OpenBioLink: A benchmarking framework for large-scale biomedical link prediction (1912.04616v2)

Published 10 Dec 2019 in cs.AI and cs.IR

Abstract: SUMMARY: Recently, novel machine-learning algorithms have shown potential for predicting undiscovered links in biomedical knowledge networks. However, dedicated benchmarks for measuring algorithmic progress have not yet emerged. With OpenBioLink, we introduce a large-scale, high-quality and highly challenging biomedical link prediction benchmark to transparently and reproducibly evaluate such algorithms. Furthermore, we present preliminary baseline evaluation results. AVAILABILITY AND IMPLEMENTATION: Source code, data and supplementary files are openly available at https://github.com/OpenBioLink/OpenBioLink CONTACT: matthias.samwald ((at)) meduniwien.ac.at

Citations (53)

View on Semantic Scholar

Summary

The paper introduces OpenBioLink, a comprehensive benchmarking framework designed to rigorously evaluate biomedical link prediction algorithms.
It addresses biases by filtering out trivially inferable links, ensuring valid separation between training and testing datasets.
Baseline tests with TransE and TransR achieved a hits@10 of 7.5%, highlighting significant room for improvement in prediction methods.

OpenBioLink: A Benchmarking Framework for Biomedical Link Prediction

The paper introduces OpenBioLink, a comprehensive benchmarking framework designed explicitly for evaluating link prediction algorithms within large-scale biomedical knowledge graphs. This work underscores the necessity for a bespoke benchmarking suite considering the unique characteristics and demands of the biomedical domain, where existing benchmarks like FB15K, WN18, and UMLS fall short. OpenBioLink is an attempt to fill the void by offering a robust, transparent, and adaptable evaluation platform.

The difficulty in adopting existing biomedical knowledge graphs for effective benchmarking is addressed through meticulous design choices in OpenBioLink. These graphs, like Bio2RDF, inherently contain metadata relations that can bias link prediction algorithm performances, necessitating the exclusion of trivially inferable links in constructing meaningful test sets. The introduction of OpenBioLink sets a precedent for domain-specific benchmarks by avoiding information leakage between train and test datasets, a common pitfall in prior works, leading to more valid assessments of prediction capabilities.

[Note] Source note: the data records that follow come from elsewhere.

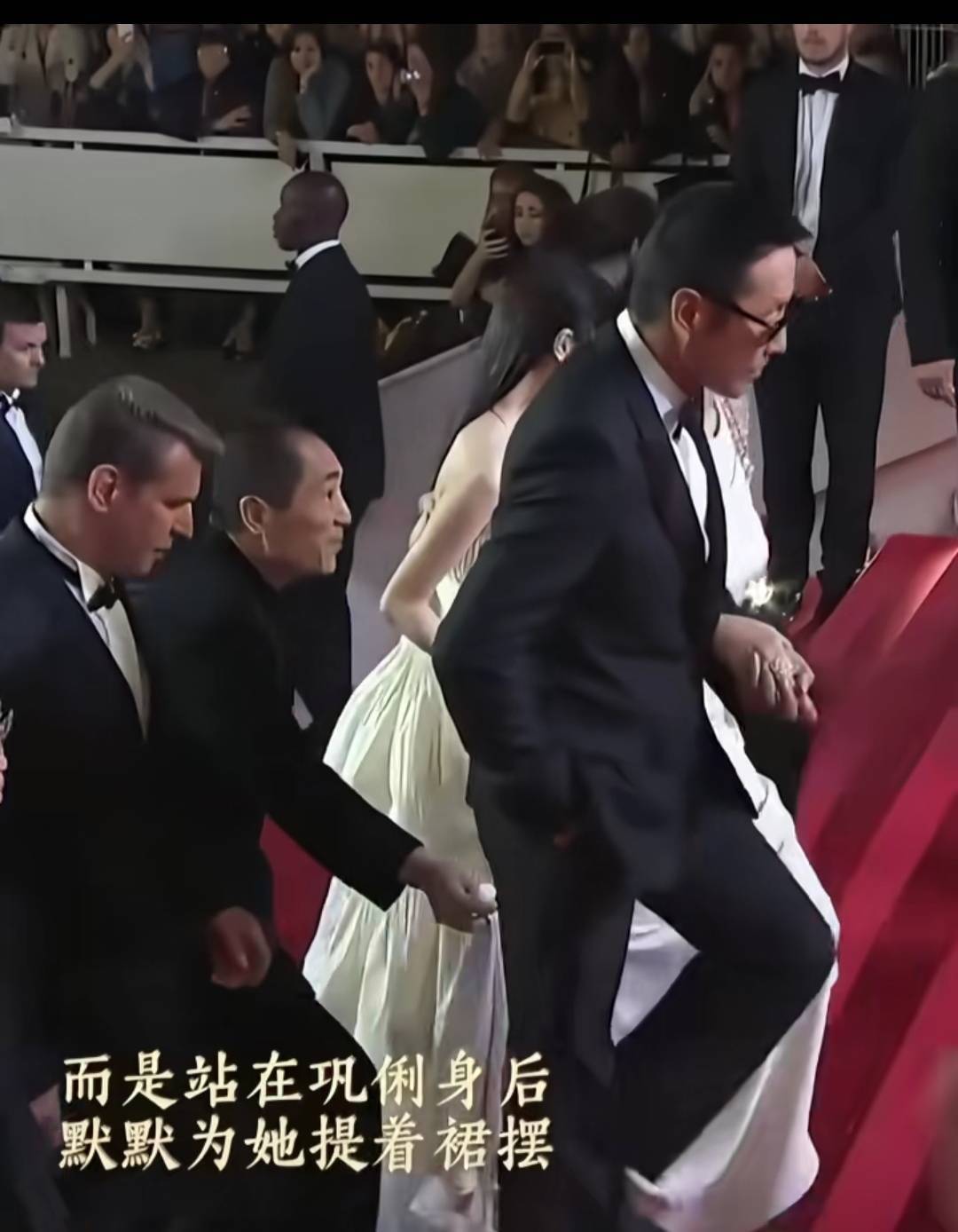 当晚,陈道明身着黑色丝绒西装,头发花白却精神矍铄,巩俐则以一袭红黑拼接拖尾礼服霸气登场。两人作为电影节评委会主席和副主席,并肩走上红毯时,巩俐的裙摆被风吹得微微翘起。就在记者镜头对准两人的瞬间,陈道明突然停下脚步,自然地弯腰伸手,帮巩俐将裙摆抚平。这一幕被现场媒体拍下,视频10分钟内登上微博热搜第一,播放量突破2亿。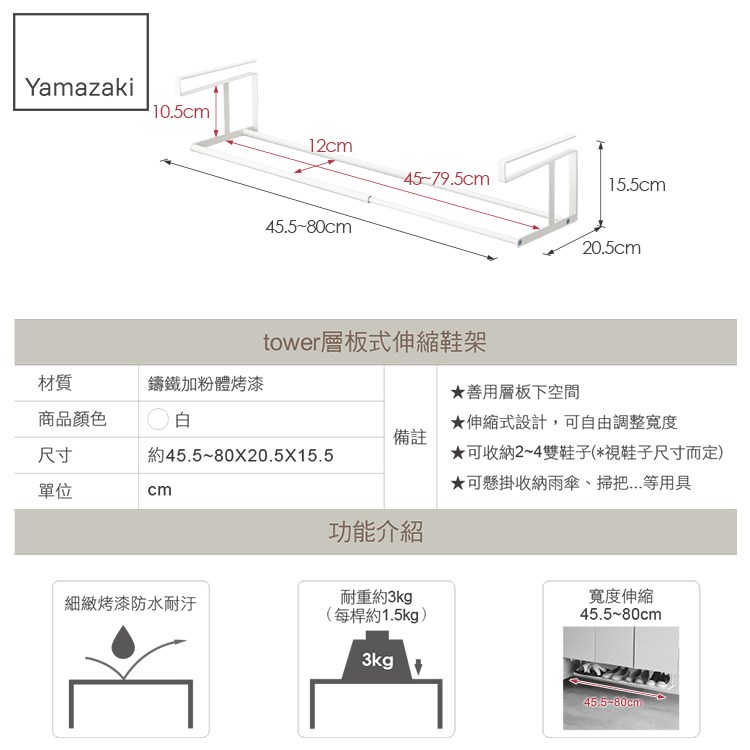 快利用「tower層板式伸縮鞋架」增加鞋子收納空間!
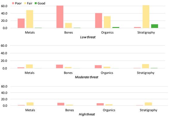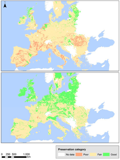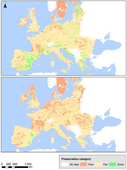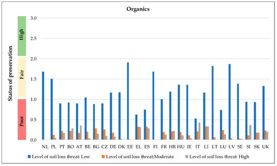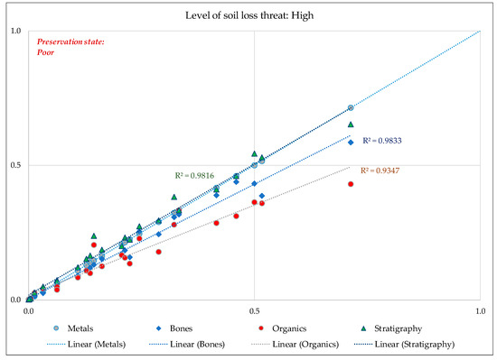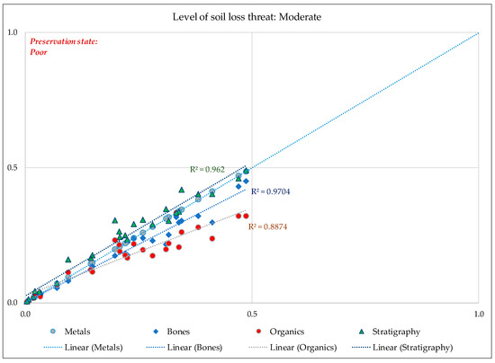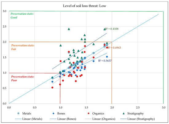 - Remark 3: Areas characterised as low threat from soil erosion present approximately 10% of good preservation capacity, which varies depending on the type of the material.
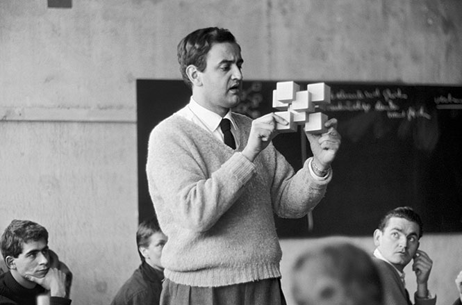 त्यांनी हि वास्तू डिझीईन करण्याची जबाबदारी घेतली. १९५५ मध्ये मूळ इमारतीचा सांगाडा तयार करून विटांवर निव्वळ पांढरा रंग लेपून उभारली. मोठया खिडक्या, भरपूर प्रकाश, भरपूर जागा हि वैशिष्ट्ये होती. यूरोपातील प्रस्थापित युनिव्हर्सिटीच्या इमारतीसारखे ऐतिहासिक डिझाईन नसलेली अशी ही इमारत. त्यास नक्षीकाम अथवा भव्यदिव्य असे काहीच नव्हते. सरळ सोपी कोणत्याही सजावटीशिवाय असलेली ही इमारत लोकांनी आणि स्थापत्यशास्त्रींनीं (आर्किटेक्चर) नाकारली.

Methodological Advances and Baseline Results

The paper initially benchmarks with traditional graph embedding techniques, namely TransE and TransR. Despite their simplicity, these models were optimized through hyperparameter tuning, followed by evaluation on the OpenBioLink dataset. The results yielded a hits@10 of 7.5%, demonstrating the potential yet highlighting significant room for advancement. Future evaluations with more sophisticated algorithms, like meta-path-based and scalable rule-learning methods, are envisaged.

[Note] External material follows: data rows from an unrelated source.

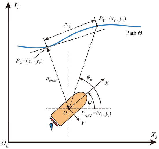 For motion control, it is necessary to first define the state of the ship in the reference coordinate systems. Here, we use the Earth coordinate system and the body-fixed coordinate system to describe the ship’s motion parameters. As shown in Figure 1a, the Earth coordinate system is established on a tangent plane to the Earth surface, with the x-axis towards the north, the y-axis towards the eas, t and the z-axis perpendicular to the Earth’s surface. In the body-fixed coordinate system, the ASV is treated as a rigid body, with the x-axis towards the bow, the y-axis towards starboard, and the z-axis towards the bottom of the ship. This paper considers a three-DOF mathematical model of ASV operating on the water surface, and the corresponding horizontal reference coordinate systems are illustrated in Figure 1b.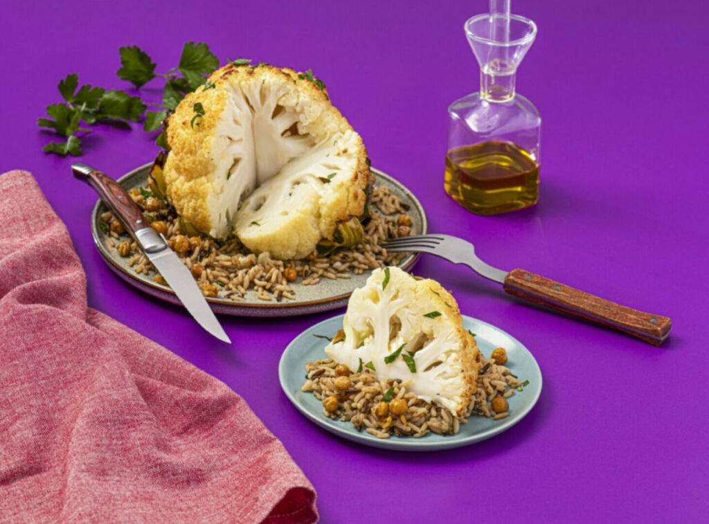 In addition to a great base like rice, a key to keeping any meatless meal filling is to include an alternative protein. A common concern in a meatless diet is a lack of protein, but the good news is that there is an abundance of protein-rich, plant-based meat substitutes available! This classic Black Bean Veggie Burger replaces ground beef with black beans, an excellent source of protein, while this Oven Roasted Cauliflower dish incorporates protein-rich chickpeas to keep the dish filling and add a satisfying crunch. From black beans and chickpeas to tofu and lentils, there’s no shortage of protein sources you can add to your next meatless meal.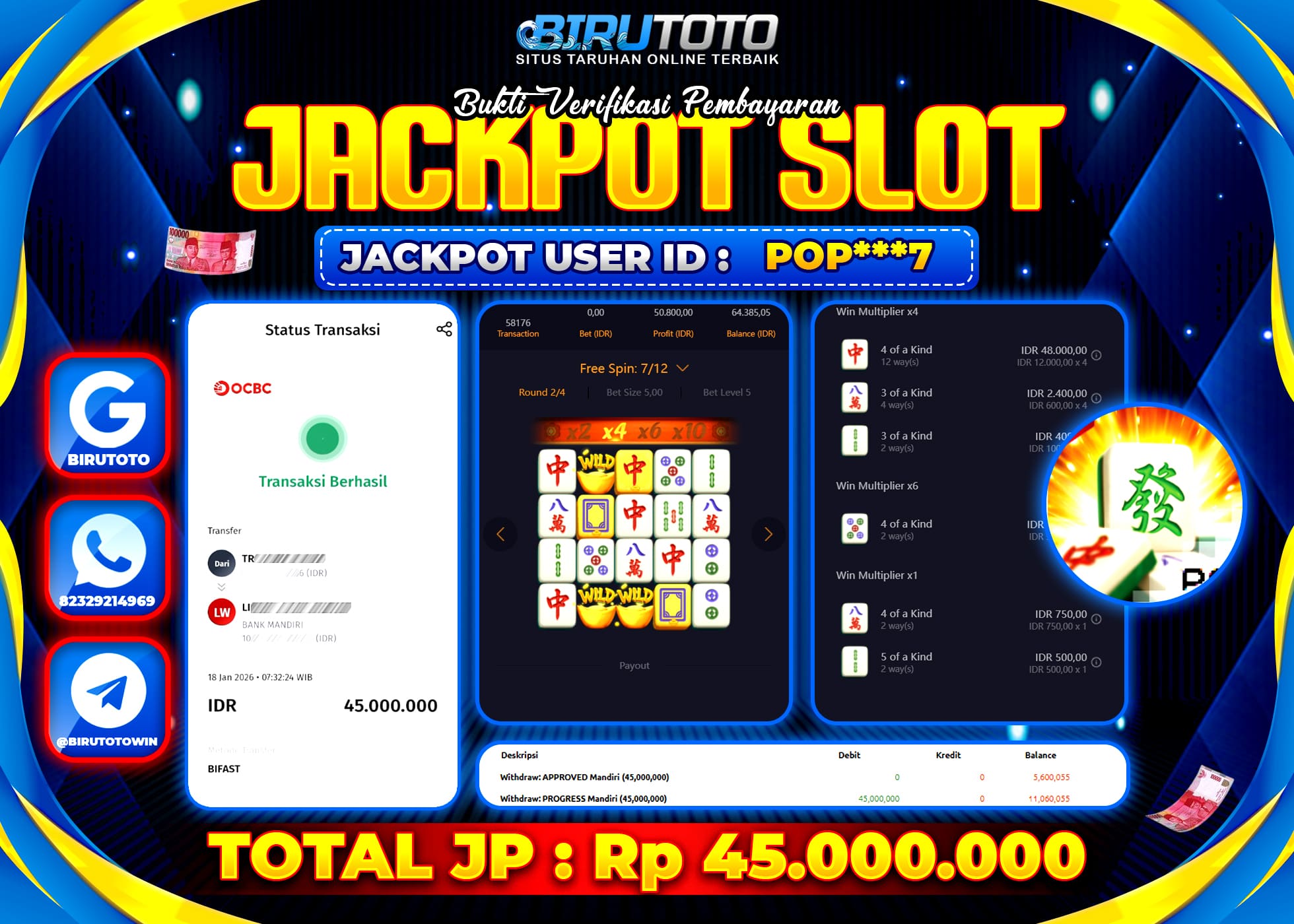 BIRUTOTO JACKPOT SLOT MAHJONG WAYS Rp.45.000.000 LUNAS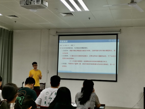 研三党员代表向同学们分享了自己的科研经验,鼓励大家在开展实验研究时要勤动手、多思考,理性地看待失败,并善于总结经验,提升发现问题、解决问题的能力。从文献阅读方法、资料获取途径到数据处理常用软件介绍,现场“干货”满满,学习氛围浓厚,展现支部党员对科研的热情,以及互助、进步的雷锋精神。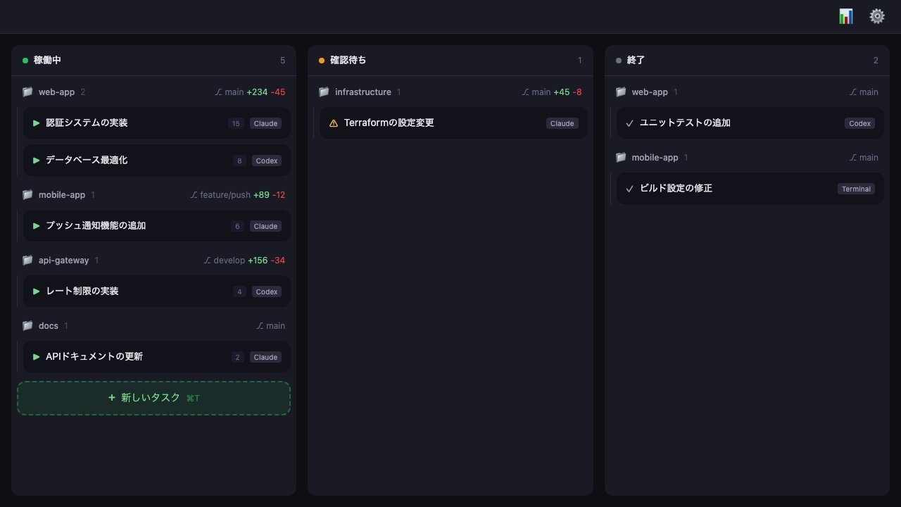 従来のターミナルとは全く異なる発想で、複数のClaude Code / Codex CLI / ターミナルタスクを1画面で統合管理します。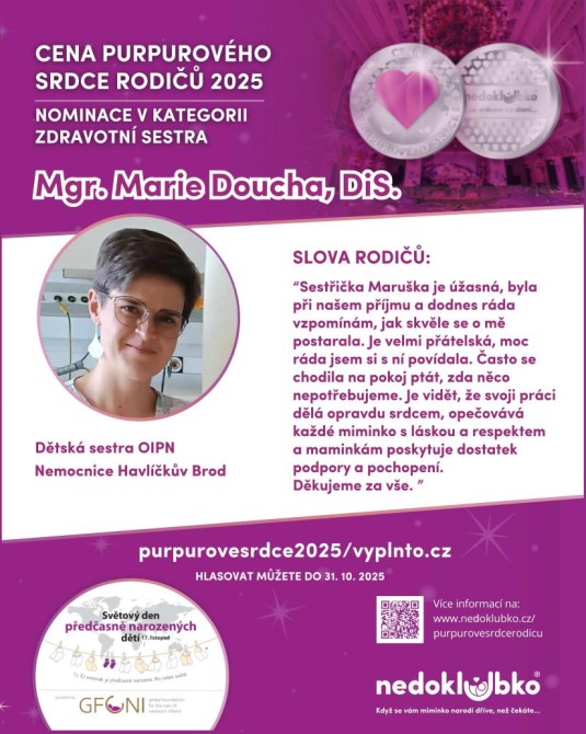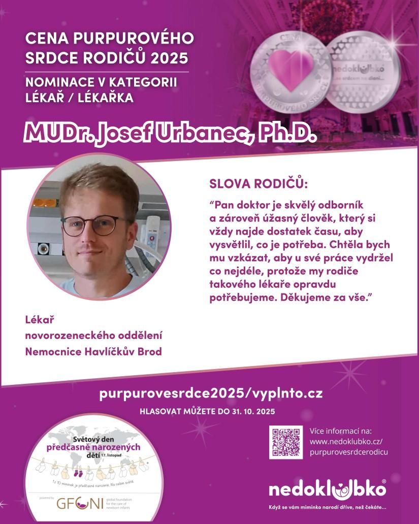 I v letošním roce byl lékař dětského oddělení, zástupce primářky, MUDr. Josef Urbanec, Ph.D., nominován rodiči na cenu Purpurové srdce, kterou uděluje Nedoklubko. Nominována byla též dětská sestřička Mgr. Marie Doucha, Dis. HLASOVAT a podpořit je oba můžete do 31.10.2025 na https://www.nedoklubko.cz/purpurovesrdcerodicu/.

OpenBioLink's availability, including its datasets and benchmarks, via an open-source platform, enhances reproducibility and accessibility. Data is provided in multiple quality-filter settings to accommodate various needs across different prediction methods. Moreover, the framework supports multiple metrics, such as hits@k, MRR, ROC AUC, and PR AUC, ensuring comprehensive performance assessment across models.

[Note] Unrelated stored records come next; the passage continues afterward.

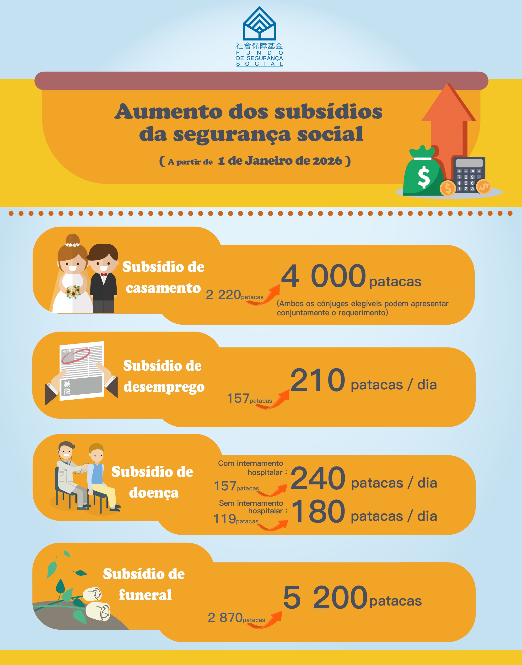 O regime da segurança social funciona como protecção básica ao longo do ciclo de vida dos residentes, demonstrando solidariedade para com os residentes que enfrentam momentos importantes da vida e prestando assistência aos residentes que enfrentam situações de risco imprevisto. A partir de 1 de Janeiro de 2026, serão aumentados os montantes de quatro subsídios. Após o aumento, o montante do subsídio de casamento passará de 2.220 patacas para 4.000 patacas, podendo ser requerido por ambos os cônjuges qualificados. O montante do subsídio de desemprego aumentará para 210 patacas por dia, o do subsídio de doença com internamento hospitalar para 240 patacas por dia, o do subsídio de doença sem internamento hospitalar para 180 patacas por dia e o do subsídio de funeral para 5.200 patacas.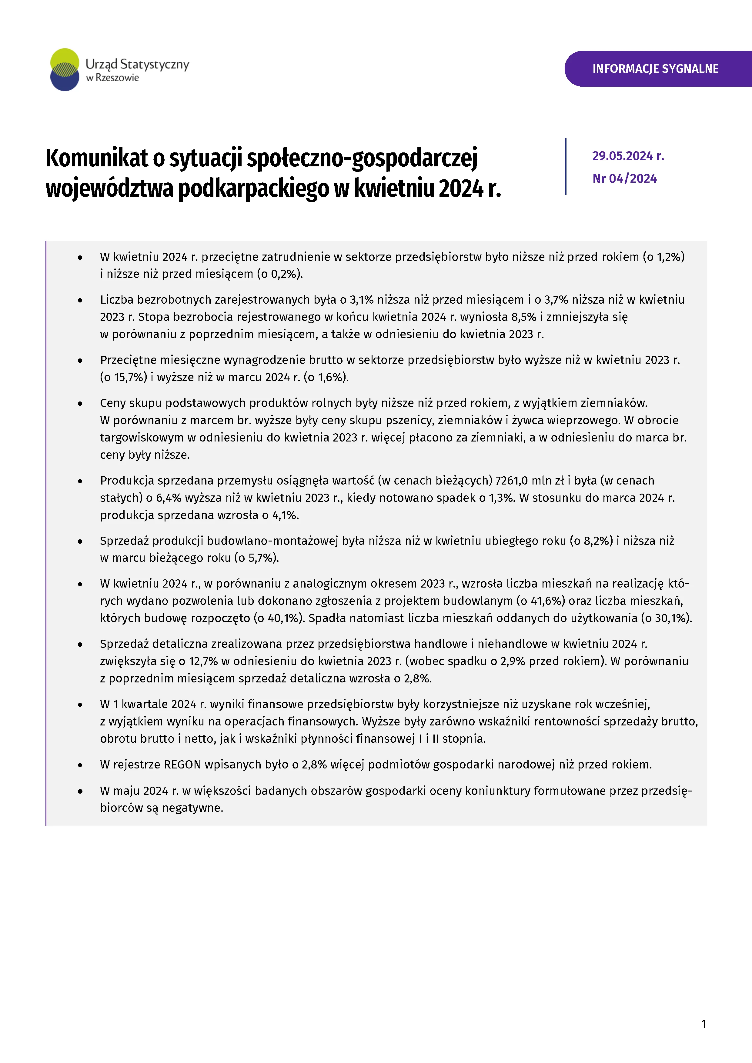 - Komunikat o sytuacji społeczno-gospodarczej województwa podkarpackiego w marcu 2024 r.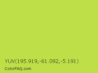 YUV 195.919,-61.092,-5.191 Color is a normal lime color and the nearest color is June Bud #bdda57. Hex code #bedf48 and RGB value is rgb(190,223,72). In RGB color space, this color is composed of 75% red, 87% green, 28% blue, In CMYK color space, this color is composed of 15% cyan, 0% magenta, 68% yellow , 13% black , In HSL color space, this color has a hue angle of 73° , 70% saturation and 58% lightness.

Significance and Future Directions

The advent of OpenBioLink provides researchers a solid foundation to evaluate and develop link prediction algorithms tailored to the intricacies of biomedical knowledge graphs. This is crucial as biomedical databases often encompass richly structured ontological hierarchies and complex interaction networks that challenge traditional link prediction approaches.

The establishment of OpenBioLink as a baseline facilitates the objective measurement of algorithmic progress in biomedical link prediction. By organizing annual benchmarking events, the framework encourages continuous community involvement and refinement. This collective effort aims to bolster the development of novel algorithms that can more effectively leverage biomedical knowledge bases for hypothesis generation and potentially expedite biomedicine's progress through improved decision support systems.

In summary, OpenBioLink presents itself not only as a much-needed benchmarking tool but also as a catalyst for collaborative research, ultimately enhancing the ability to perform meaningful link predictions within the biomedical domain. Future iterations and expansions of the benchmark are likely to integrate additional resources, such as Hetionet, broadening the framework's applicability and interest. Such developments hold the promise of driving substantial advancements in both the theoretical and practical landscapes of AI in biomedicine.